Мигель де Сервантес - Дон Кихот. Часть 2
– Все, что ваша милость сейчас сказали, – заговорил Санчо, – я совершенно понял. Только я просил бы вас, разрешите мне, пожалуйста, одно сумление, которое пришло мне в голову.
– Сомнение, хочешь ты сказать, – отвечал Дон-Кихот, – хорошо, говори, и я отвечу тебе, как смогу.
– Скажите мне, господин, – продолжал Санчо, – все эти Июли, Августы и все эти рыцари, об удальстве которых вы говорили и которые умерли, где они теперь?
– Язычники, – отвечал Дон-Кихот, – находятся, без сомнения, в аду; христиане, если они были добрыми христианами, в чистилище или на небе.
– Прекрасно, – снова заговорил Санчо, – а теперь вот что: могилы, где покоятся тела этих молодцов, имеют у входа серебряные лампады, а стены их часовен украшены костылями, саванами, волосами и восковыми ногами и глазами? Если нет, то чем они украшены?
Дон-Кихот отвечал:
– Гробницами язычников были большею частью пышные храмы. Прах Юлия Цезаря был положен под каменную пирамиду безмерной величины, которую теперь в Риме называют иглой св. Петра.[9] Императору Адриану гробницей служил замок, громадный как большая деревня, называвшийся moles Hadriani, а в настоящее время называющийся замком св. Ангела. Царица Артемизия похоронила мужа своего Мавзола в гробнице, которая слыла одним из семи чудес света. Но ни одна из этих гробниц и ни одна из многих других, в которых погребены язычники, не была украшена саванами и другими приношениями, указывающими, что те, кто там покоятся, стали святыми.
– Так, – возразил Санчо: – теперь скажите мне, что лучше: воскресить мертвого или убить великана?
– Ответ очень легок, – сказал Дон-Кихот: – лучше воскресить мертвого.

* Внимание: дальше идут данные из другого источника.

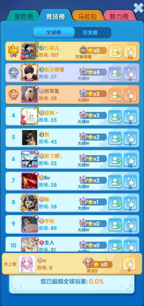 在《俄罗斯方块环游记》里,竞技玩法足以彰显玩家综合实力,每个高手都七块儿学习的榜样。在本次微信服务器排行榜第一名的是“七块儿”,胜利高达107场,获得方块传奇段位,这是与我同名吗,为什么同名不同命?第二名的“狐击霸放”以胜利37场,获得4星大师IV段位,与第一名差距不小,足够冠以“庆幸”二字;而第三名的“折耳兔”以胜场38,成功晋级3星大师IV段位,萌萌的名字相信会成为吸粉的存在哦。综合该榜单来看,只要获得2星并胜利30场,那么均有望入驻前15了哦!
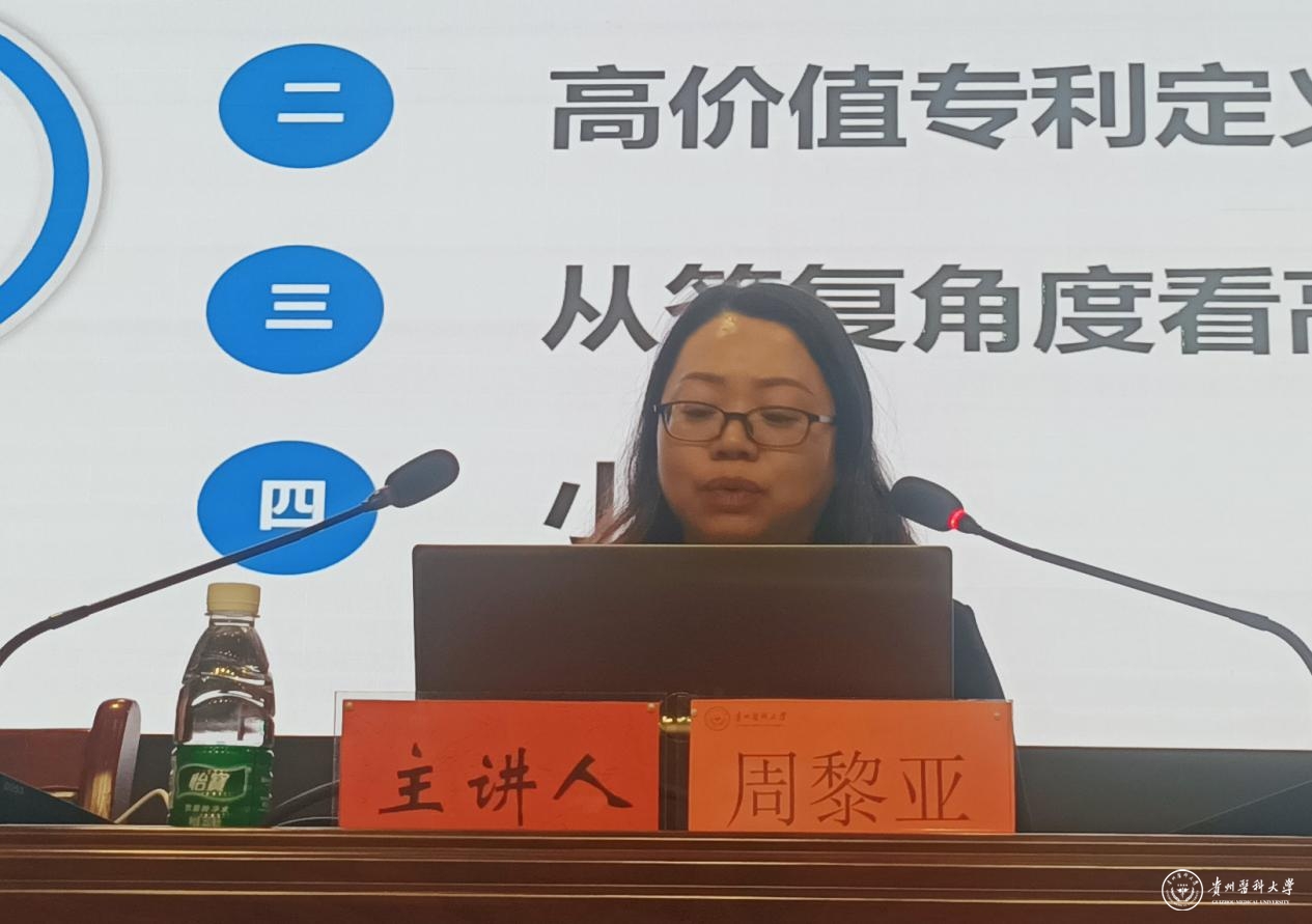 刘超对贵州省近年来贯彻党中央、国务院关于推进知识强国建设,提升知识产权创造、运用、保护、管理和服务水平制定的相关政策进行详细介绍和解读。重点讲解我省对高价值专利、国外专利的奖补政策及申报流程,希望beat365广大教职工生在高价值专利创造、运用等方面取得更大成绩,为建设知识产权强省贡献力量。

– А, вы попались! – воскликнул Санчо. – Итак слава тех, кто воскрешает мертвых, кто возвращает зрение слепым, кто делает прямыми калек, кто дает здоровье больным, слава тех, чья могилы освещены лампадами, чьи часовни наполнены набожными людьми, поклоняющимися их мощам, – слава их, говорю я, стоит на этом и на том свете больше, нежели та слава, которую оставили после себя все эти идолопоклонники императоры и странствующие рыцари, сколько их ни было на свете.
– Это истина, которую и я признаю, – отвечал Дон-Кихот.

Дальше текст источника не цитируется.